# SOURCE MATERIAL:
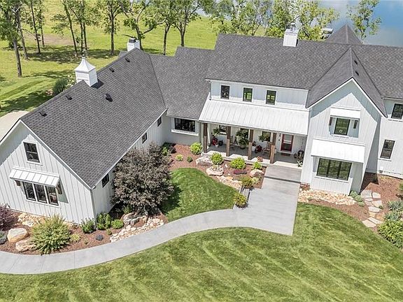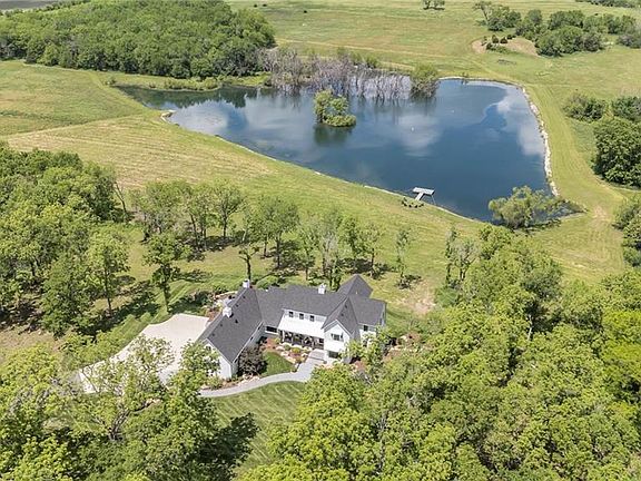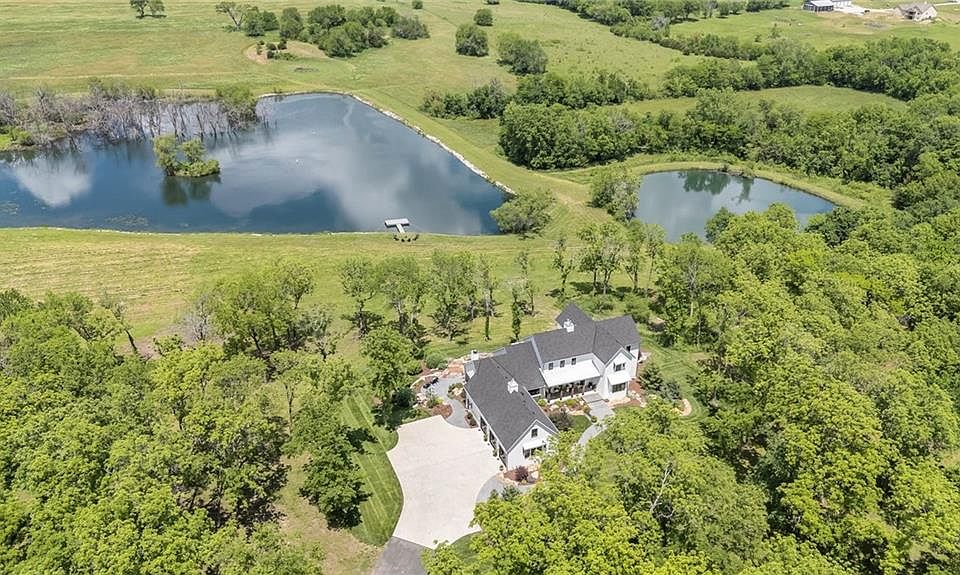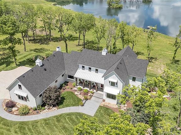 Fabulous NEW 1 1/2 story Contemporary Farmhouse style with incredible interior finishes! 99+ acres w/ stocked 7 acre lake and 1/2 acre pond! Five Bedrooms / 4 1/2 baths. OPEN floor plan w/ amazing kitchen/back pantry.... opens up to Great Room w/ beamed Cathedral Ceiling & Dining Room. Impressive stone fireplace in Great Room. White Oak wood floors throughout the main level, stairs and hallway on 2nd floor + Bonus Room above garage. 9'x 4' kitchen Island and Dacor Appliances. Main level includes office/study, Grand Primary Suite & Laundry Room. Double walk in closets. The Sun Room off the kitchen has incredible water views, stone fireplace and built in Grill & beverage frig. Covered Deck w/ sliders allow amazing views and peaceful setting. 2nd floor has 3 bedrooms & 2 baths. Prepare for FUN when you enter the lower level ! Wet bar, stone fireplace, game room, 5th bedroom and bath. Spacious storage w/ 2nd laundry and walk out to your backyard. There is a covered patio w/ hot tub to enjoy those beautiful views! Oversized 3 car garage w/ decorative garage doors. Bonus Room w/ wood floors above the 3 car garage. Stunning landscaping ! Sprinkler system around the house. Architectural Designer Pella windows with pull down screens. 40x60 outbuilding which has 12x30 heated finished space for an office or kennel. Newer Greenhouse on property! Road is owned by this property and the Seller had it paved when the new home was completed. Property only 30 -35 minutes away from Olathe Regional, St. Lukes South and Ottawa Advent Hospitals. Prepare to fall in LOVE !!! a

...

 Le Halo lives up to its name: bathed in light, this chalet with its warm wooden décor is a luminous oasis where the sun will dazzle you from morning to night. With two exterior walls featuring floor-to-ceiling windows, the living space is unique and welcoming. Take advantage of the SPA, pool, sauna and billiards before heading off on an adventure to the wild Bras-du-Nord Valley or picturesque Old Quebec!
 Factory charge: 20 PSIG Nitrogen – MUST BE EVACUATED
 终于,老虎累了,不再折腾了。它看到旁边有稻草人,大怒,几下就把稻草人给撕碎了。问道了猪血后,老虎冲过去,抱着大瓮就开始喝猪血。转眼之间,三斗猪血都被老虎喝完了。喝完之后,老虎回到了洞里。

==

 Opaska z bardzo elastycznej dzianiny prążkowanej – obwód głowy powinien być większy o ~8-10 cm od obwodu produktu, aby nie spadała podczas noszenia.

# EXERCISE GOAL:
Reproduce word for word the material above, starting with the line that has "Le Halo lives" and stopping after the line that has "终于,老虎累了,不再折腾了。".

# EXERCISE ANSWER:
 Le Halo lives up to its name: bathed in light, this chalet with its warm wooden décor is a luminous oasis where the sun will dazzle you from morning to night. With two exterior walls featuring floor-to-ceiling windows, the living space is unique and welcoming. Take advantage of the SPA, pool, sauna and billiards before heading off on an adventure to the wild Bras-du-Nord Valley or picturesque Old Quebec!
 Factory charge: 20 PSIG Nitrogen – MUST BE EVACUATED
 终于,老虎累了,不再折腾了。它看到旁边有稻草人,大怒,几下就把稻草人给撕碎了。问道了猪血后,老虎冲过去,抱着大瓮就开始喝猪血。转眼之间,三斗猪血都被老虎喝完了。喝完之后,老虎回到了洞里。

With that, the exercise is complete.